The economic transformation of China is the most important global economic event of the past forty years. It has changed the balance of power on the Eurasian landmass, in ways we are only beginning to comprehend.
The economic transformation of China happened because, since 1979, there has been lively economic competition within China, something that was not allowed in the Soviet model. China’s economy grew, while the centralised Soviet system stagnated. This explains why Communism survived in China, but collapsed in the Soviet sphere. China also grew thanks to the opening up of global trade, under successive rounds of trade liberalisation, which allowed China to build a powerful export sector.
Now China is having to transform itself again. Its export led model has reached its limits. Labour costs are rising because the big transfer of labour from farming to industry is over, and the Chinese population is beginning to age. The working age population of China peaked in 2015 and will decline from now on. Chinese exporters are being undercut by lower wage economies like Vietnam.

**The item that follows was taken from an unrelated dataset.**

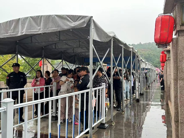 國慶假期期間,徐州正值秋雨綿綿,然而多變的天氣也無法抵擋游客激昂的參觀熱情,游客在館前排起了長龍,文明有序的參觀。

The Chinese economy has also reached environmental limits. The pollution level in some cities is dreadful, and the air is dangerous to breathe, even on an apparently clear day. I experienced this for myself when I visited China in the past fortnight on business. Environmental losses reduce China’s GDP by 10%.
The proportion of its population living in cities will grow from 20% in 1978, to 50% today, and to 75% by 2030. This will lead to even more pollution, unless the cities are built to a different model. China is devoting a lot of research to this and may soon become an exporter of green technology. Necessity is the mother of invention.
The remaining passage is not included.